Every gardener needs a pair of hand pruners.

Pruners

How to Harvest Pumpkins

Harvest pumpkins when their rind is hard and brightly colored.

Later in the season, remove any leaves shading the pumpkins. This helps the sun turn the pumpkins a brighter color. As the pumpkins ripen, the vines yellow and shrivel up.

Pumpkins are ripe when the outside is brightly colored, the rind is hard, and the stem begins to shrivel and dry.

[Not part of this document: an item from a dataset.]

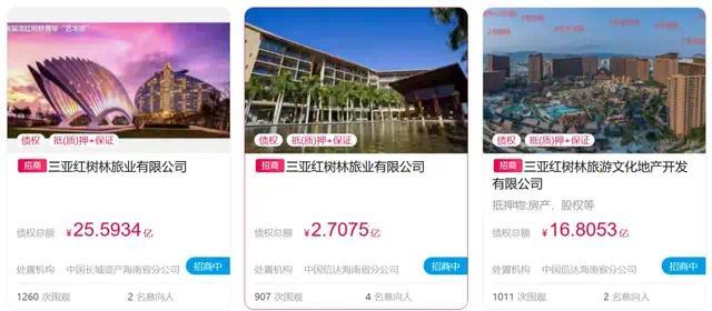 根据阿里资产平台最近披露的信息,本次挂牌的3宗债权分别为中国长城资产海南分公司对三亚红树林旅业有限公司的25.59亿元债权,中国信达海南分公司对三亚红树林旅游文化地产开发有限公司的16.8亿元债权和三亚红树林旅业有限公司2.7亿元债权。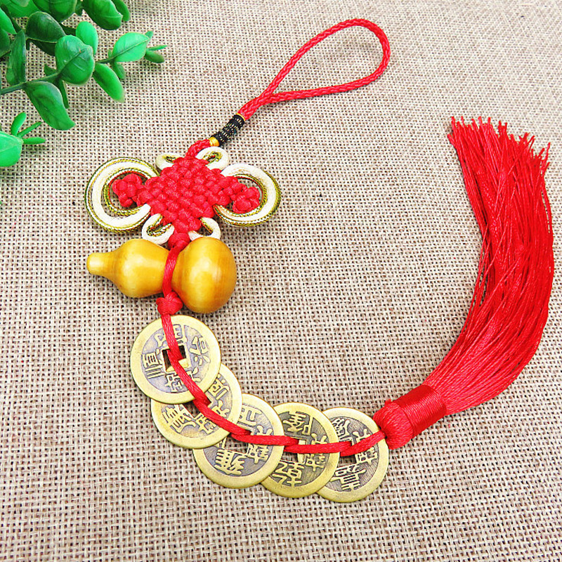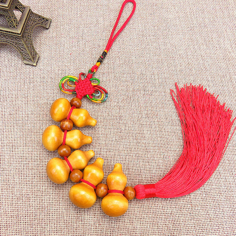 Peach wood gourd five emperor coins gourd Fengshui living room decoration Chinese style pendant Chinese knot auspicious jewelry car pendant

To harvest, cut pumpkin stems off the vine with a sharp knife. Be sure to leave at least two inches of stem on the fruit so you can store it. If you break off the stem, the pumpkin won’t last as long.

After cutting the stem, place the pumpkin in the sun for 10 to 14 days to let it harden off and finish ripening. Store your pumpkins in a cool dark place until you’re ready to turn it into a jack-o’-lantern or a Thanksgiving pumpkin pie.

FAQs

How do I save pumpkin seeds for planting?

If you want to save seeds from a fresh pumpkin to plant, clean off all the pulp. Rinse off the seeds then air dry them on a paper towel. Plant when they’re dry or store them in a paper envelope until you’re ready to plant them.

How long does it take to grow a pumpkin from seed?

Depending on the variety, it takes 90 to 120 days once seeds are planted for a pumpkin to develop and fully ripen. Check the “days to maturity” information on the seed packet.

When do you plant pumpkin seeds?

Plant them in May or June to harvest pumpkins in October. Grow them as a summer annual.

How many pumpkins grow on one plant?

You’ll get three to five pumpkins from a standard and large-sized pumpkin plant. Smaller varieties, like sugar pumpkins, grow up to 10 pumpkins per vine.